Abstract
This study characterizes the experiences and expressed needs of parents following diagnosis of their newborn with congenital adrenal hyperplasia (CAH). Six parents (four mothers and two fathers) were interviewed about how they learned about CAH and its management, followed by qualitative data analysis. Coding of transcripts revealed several themes, including health communication problems, a lack of medical home and decision support, and a desire for parent-to-parent social support. Findings have implications for how family-centered health care is delivered following an unexpected newborn diagnosis.
Keywords: Primary care providers, Qualitative, Retrospective, Interview, Infants, Parents, Children with special health care needs, Chronic conditions, Congenital adrenal hyperplasia, Health communication, Health literacy, Social support, Research report, Endocrinology, Newborn screening, Pediatrics, Medical home, Decision support, Disorders of sex development
“Most families enter the world of illness and disability without a psychosocial map to navigate the normative (i.e., common and expectable) strains.” (Rolland & Walsh, 2006, p. 529).
Background
Parenting a newborn with a complex health condition presents special challenges. The process of establishing the parent–child relationship in infancy can be complicated by a NICU admission and uncertainties about future growth and development. How parents adapt ultimately affects the child's and family's well-being (Fisher, 2001; Rolland & Walsh, 2006). Contextual factors, including the family's interactions with the child's health care providers and their personal social network, influence how parents accomplish adaptive tasks (Knafl, Deatrick, & Havill, 2012).

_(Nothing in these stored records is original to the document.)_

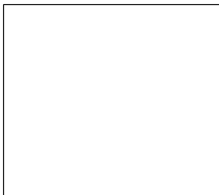
E. Draw your own picture or describe in your own words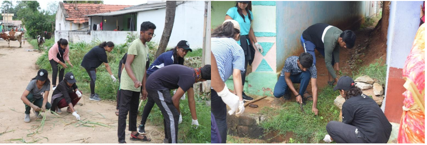
Volunteers cleaning the streets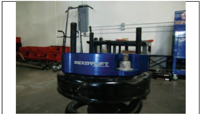
Install spacer on top of strut using OE hardware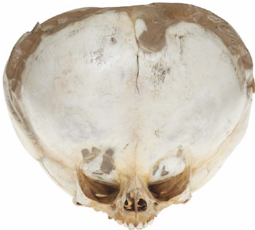
Figure 2 Contemporary Art Photograph of a Specimen from the Nineteenth Century: The Skull of a Child Who Suffered from Hydrocephalus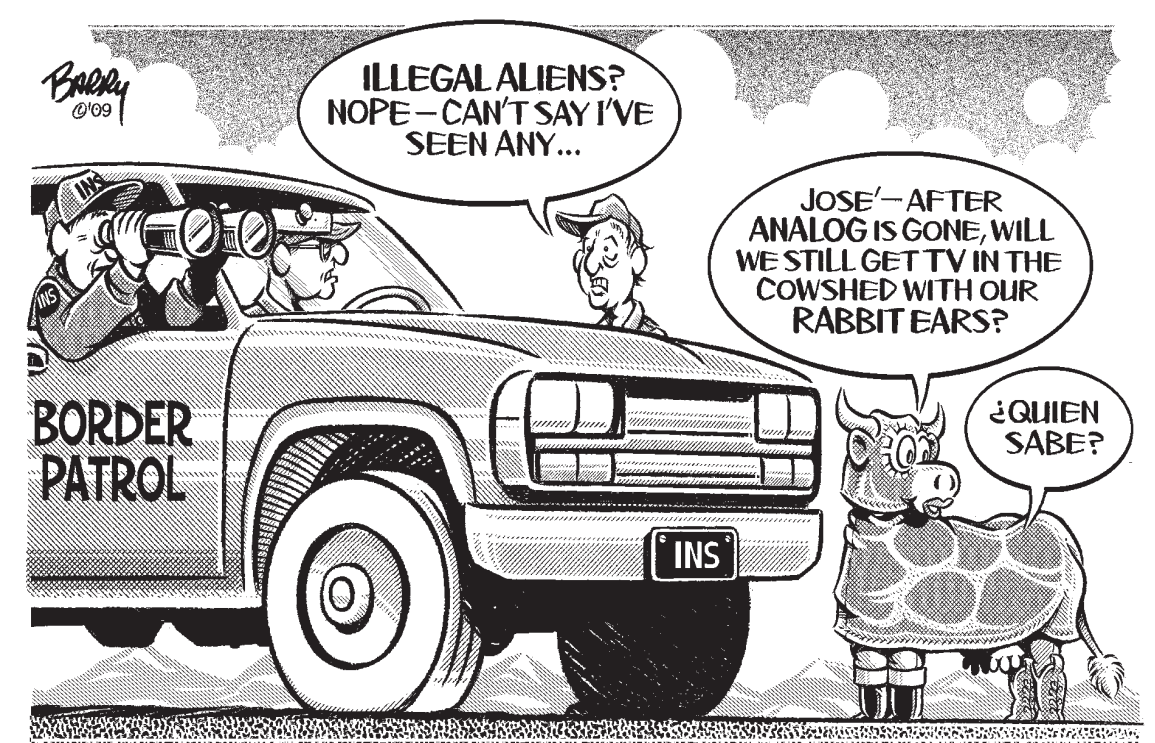
THE SWITCH TO HD-TV IS CONFUSING FOLKS IN SOME QUARTERS...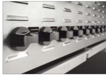
High-Low controls for each section for the perfect set-up

Convenient High low valves allow you to configure your broiler perfectly for your menu. Once set, no adjustment is necessary. Simply use the Quick Switch to start the unit. Training is kept to a minimum.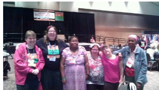
The Lady's at the SABE Conference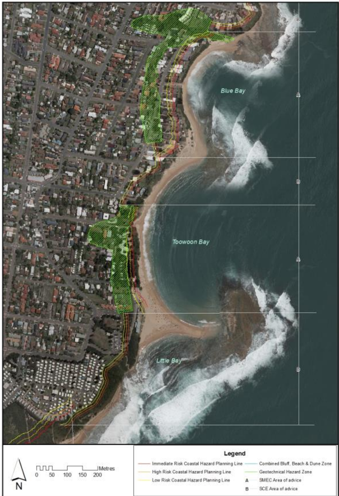
Blue Bay to Little Bay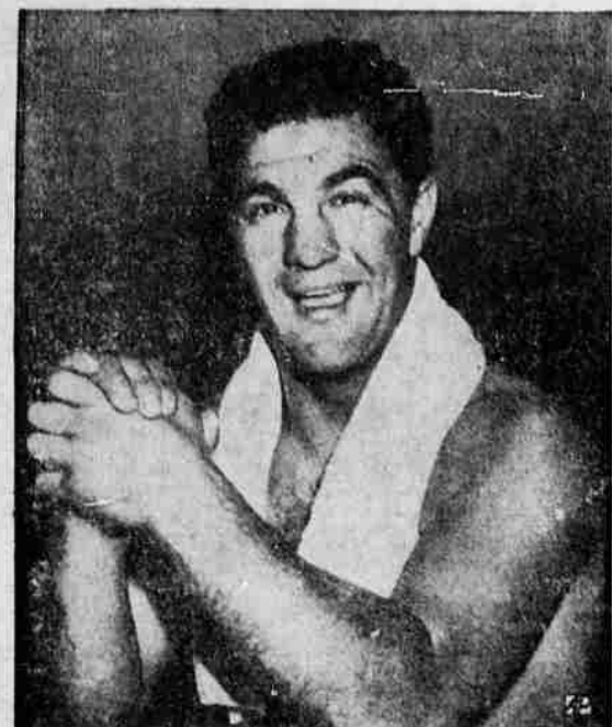
'FIGHTER OF THE YEAR' —Heavyweight champion Rocky Marciano smiles upon learning he won the Edward J. Neil Memorial Plaque, awarded annually to "fighter of the year."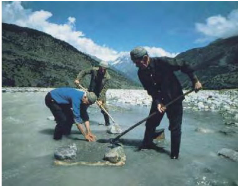
Svan gold panners using fleece 4

“Svaneti artistic creations of gold and bronze, copper and earthen wares, knitting and handicrafts give testament to its native ingenuity, encoding its myths of creation in folklore handed down from time immemorial, echoed in the plaintive strains of Svan music.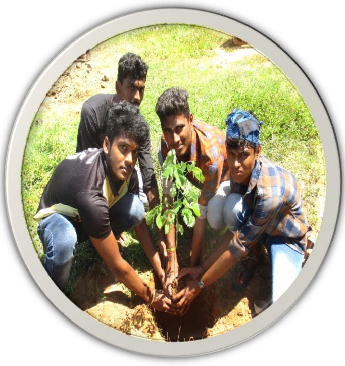
Tree Plantation @our College Ground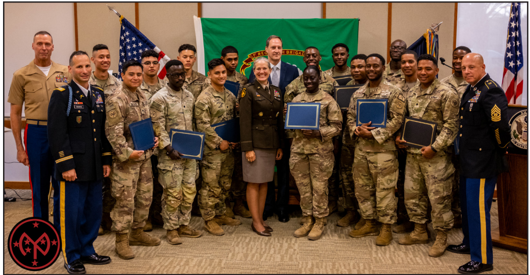
Fifteen New York Soldiers assigned to Combined Joint Task Force - Horn of Africa received their U.S. citizenship during a naturalization ceremony at the U.S. Embassy in Djibouti City, Djibouti, March 10, 2023.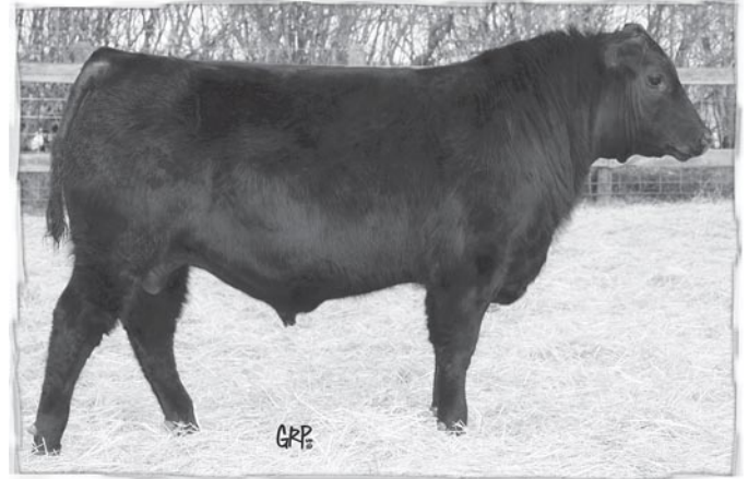
LOT 271 - F V HOOVER DAM 162Y

Hoover Dam, King and 12U are close in his pedigree so his sons should be good and his daughters will be superb.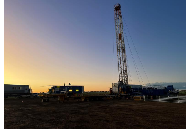
Figure 3 - Wild Desert rig set-up at Glenaras 24

The completion element of the programme has commenced, involving the running of tubing and pumps into the wells and wellhead installation. The completion work will be completed by the Wild Desert workover rig which has set up over Glenaras 24.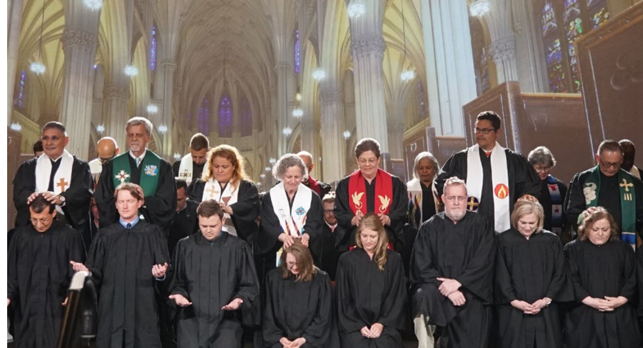
The cancellation of Gather 2020 meant the cancellation of the ordination service. We envision an ordination service in 2021 with nearly 100 ordinands as we combine the ordination classes of 2020 and 2021.

lives of ECC clergy. Our vision is to be present with our pastors to the best extent possible and be prepared to resource them with opportunities for personal leadership and spiritual growth.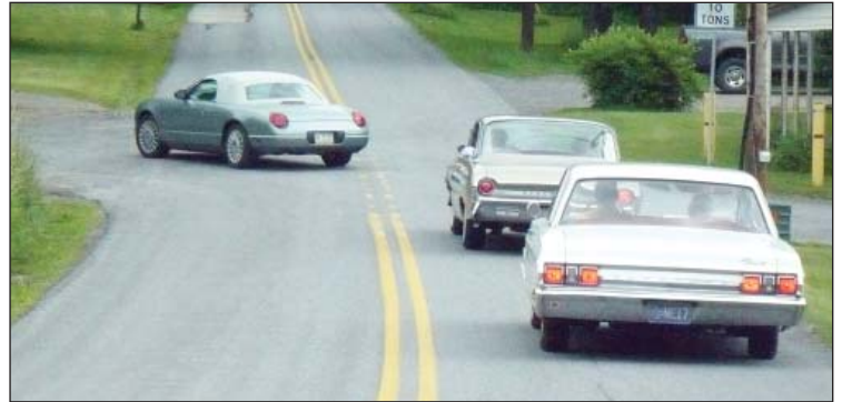
Heading down the road to L & M Campground in Indiana County.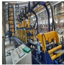
C To Z Purlin Roll Forming Machine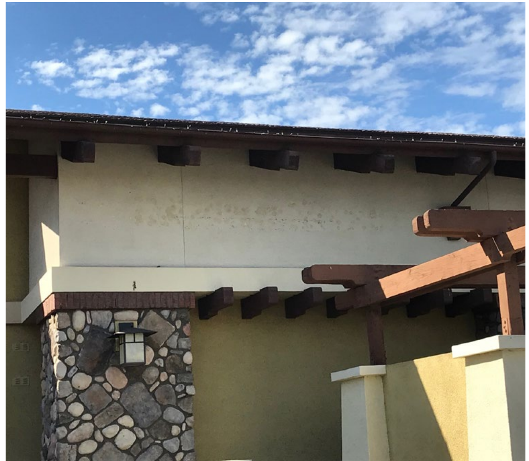
REAR SIGNAGE FACING PARKING LOT

Newborn screening (NBS) represents a major accomplishment in health care implementation. Current recommendations for all U.S. states and territories are to screen for a uniform panel of 31 conditions (Watson, Mann, Lloyd-Puryear, Rinaldo, & Howell, 2006; U. S. Department of Health and Human Services, Health Resources and Services Administration, Discretionary Advisory Committee on Heritable Disorders in Newborns and Children, 2013). With the benefits that accompany early detection of serious medical conditions also come the challenges to parents of having their infant unexpectedly diagnosed, shortly after birth, with a life-threatening or life-limiting condition. Ideally, the medical home would coordinate the care of infants identified through NBS and work with specialists to assist the family in understanding and managing their child's condition (American Academy of Pediatrics, Newborn Screening Authoring Committee, 2008). However, in reality, primary care physicians do not always feel prepared to manage follow-up after a positive NBS (Kemper, Uren, Moseley, & Clark, 2006). As a result, positive adaptation for these infants and families may be compromised (McAllister, Sherrieb, & Cooley, 2009).
One of the conditions in the uniform NBS panel is congenital adrenal hyperplasia (CAH), which is typically identified through NBS and confirmatory diagnostic testing or, in the case of affected girls, due to masculinization of the genitalia. “Classic” CAH, inherited as an autosomal recessive genetic disorder, affects males and females in equal numbers and is potentially life-threatening. Mutations of genes for enzymes that mediate the biochemical steps of adrenal gland steroidogenesis result in insufficient cortisol and aldosterone production, and excessive androgen production (Speiser et al., 2010). The resulting hormonal imbalances, if untreated, can lead to electrolyte imbalances, dehydration, vomiting, cardiac arrest and shock. Incidence of the classic form of CAH ranges from 1:10,000 to 1:20,000 births (Speiser et al., 2010). Medical treatment of CAH involves hormone replacement of glucocorticoids and mineralocorticoids. Clinical management has been described as a “difficult balance between hyperandrogenism and hypercortisolism” (Speiser et al., 2010, p.4140). Yet, when a newborn is diagnosed with CAH, parents are expected to quickly learn about the required routine and emergency medical management so they can care for their child at home. Parents of girls may also experience pressure to decide whether to opt for genital surgery.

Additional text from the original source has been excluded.